**SUPPLIED MATERIAL**
= Beginning of Section =
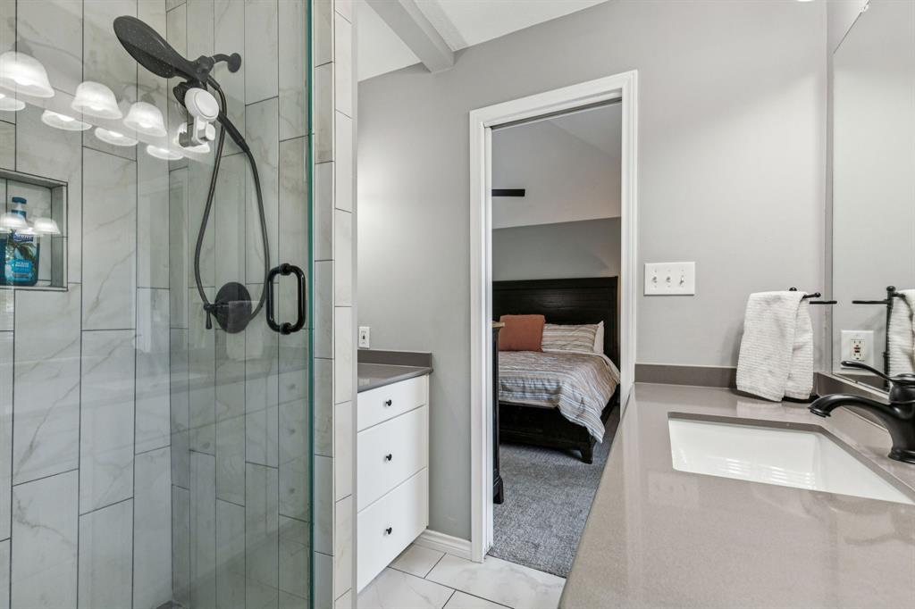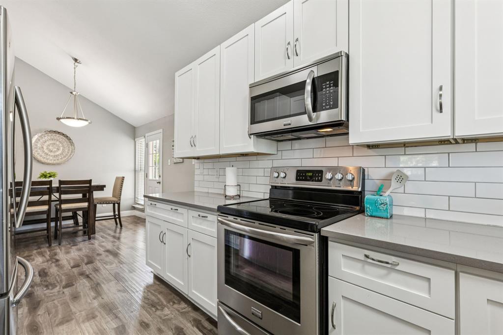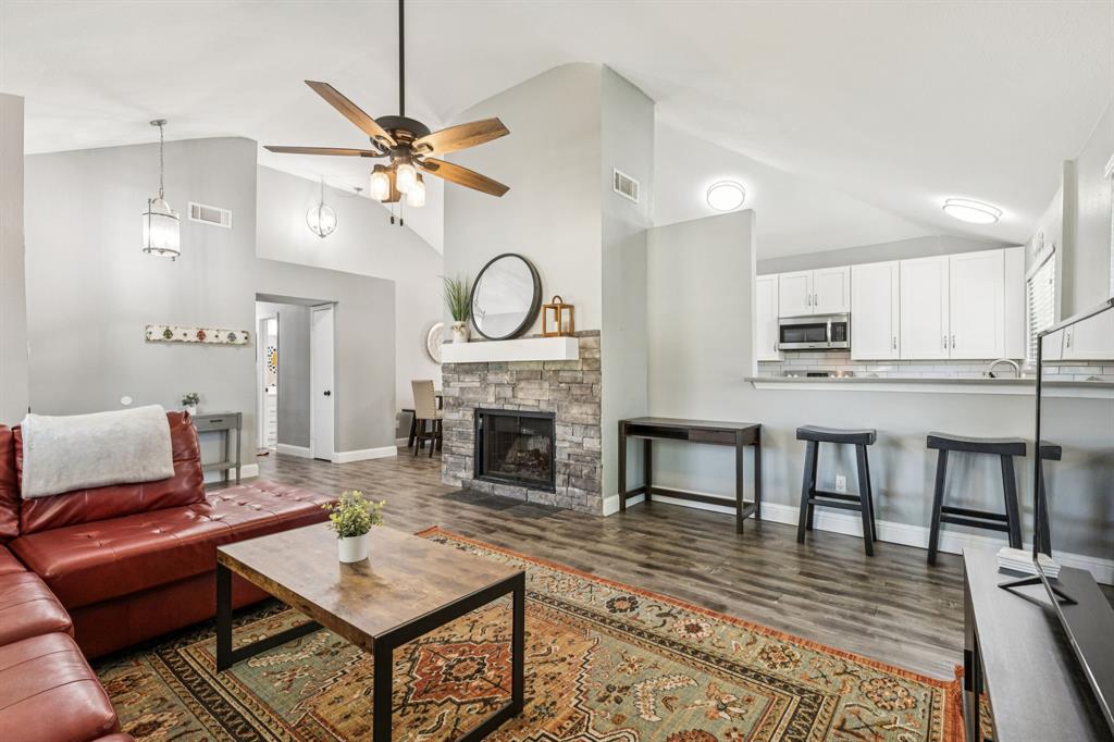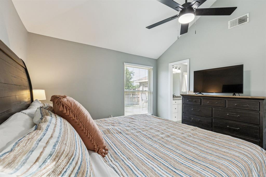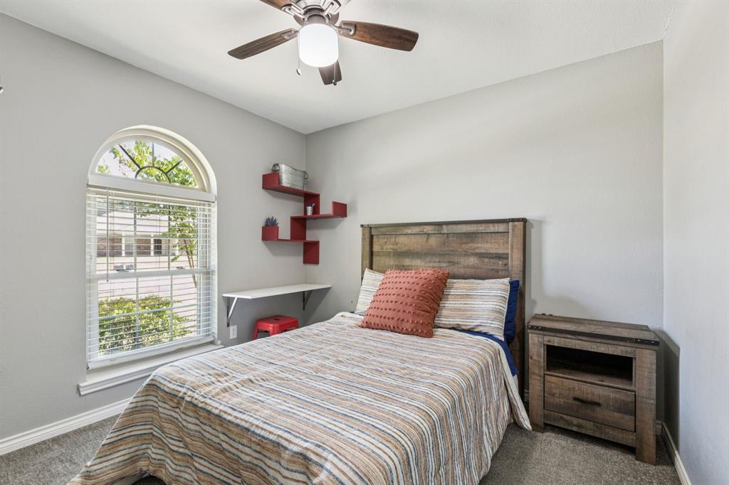 BEAUTIFUL UPDATES! OVERSIZED CORNER LOT! NO HOA! MINUTES TO LEWISVILLE LAKE! ZONED FOR HIGHLY ACCLAIMED LEWISVILLE ISD! Charming and beautifully updated 3-bedroom, 2-bath home nestled on a quiet, oversized corner lot—nearly a third of an acre—in the heart of Lewisville. Enjoy fantastic curb appeal with a well-maintained lawn and mature landscaping. Inside, you'll find fresh paint, soft contemporary tones, updated LVP flooring throughout, and new carpet in the primary and one secondary bedroom. The functional floorplan flows seamlessly from the galley-style kitchen featuring updated quartz countertops, soft-close white cabinetry, a stylish subway tile backsplash, large single basin sink, and Frigidaire Gallery stainless steel and black appliances. A breakfast bar and cozy nook complete the space. The spacious living room boasts soaring ceilings and a wood-burning fireplace with a classic mantle. The primary suite offers a fully renovated bathroom with quartz countertops, updated cabinetry, a designated makeup vanity, and a luxurious oversized shower with bench seating and custom tile and stone surround. Secondary bedrooms are generously sized, both with ceiling fans. Step outside to a huge backyard perfect for pets, play, and entertaining, with an open patio ideal for BBQs. Zoned to highly acclaimed Lewisville ISD and just minutes from Lewisville Lake, shopping, and dining.
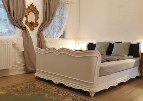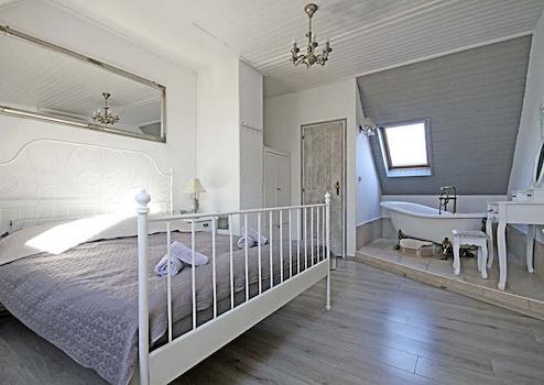 Die gesamte Wohnnutzfläche der 3 Gebäude des Anwesens beträgt 750 Quadratmeter. Jedes Haus ist zweistöckig und verfügt über Zimmer mit eigenem Bad oder einer speziell entworfenen freistehenden Badewanne und einem separaten Waschbecken. Jedes der 11 Zimmer verfügt über eine andere Raumaufteilung, ein besonderes Design und eine einzigartige Atmosphäre.
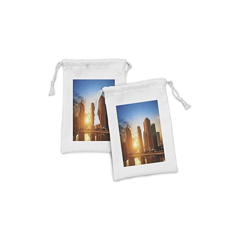 Lunarable City Fabric Pouch Set of 2, Skyscrapers of Shanghai Skyline with Dusk at Sunset Time Urban Scenery, Small Drawstring Bag for Toiletries Masks and Favors, 9" x 6", Orange and Blue
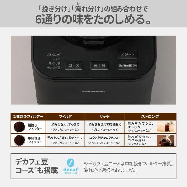 【パナソニック 正規取扱店】コーヒーメーカー 全自動 苦味 コク デカフェ コンパクトボディ 全自動ミル 自動洗浄 中細 粗挽き 手軽 NC-A58-K
= End of Section =
**WHAT TO WORK ON**
Please return only the lines running from the line with "Die gesamte Wohnnutzfläche" to the final line of the data, both included, exactly and without any pictures.

**SOLVED EXERCISE**
 Die gesamte Wohnnutzfläche der 3 Gebäude des Anwesens beträgt 750 Quadratmeter. Jedes Haus ist zweistöckig und verfügt über Zimmer mit eigenem Bad oder einer speziell entworfenen freistehenden Badewanne und einem separaten Waschbecken. Jedes der 11 Zimmer verfügt über eine andere Raumaufteilung, ein besonderes Design und eine einzigartige Atmosphäre.
 Lunarable City Fabric Pouch Set of 2, Skyscrapers of Shanghai Skyline with Dusk at Sunset Time Urban Scenery, Small Drawstring Bag for Toiletries Masks and Favors, 9" x 6", Orange and Blue
 【パナソニック 正規取扱店】コーヒーメーカー 全自動 苦味 コク デカフェ コンパクトボディ 全自動ミル 自動洗浄 中細 粗挽き 手軽 NC-A58-K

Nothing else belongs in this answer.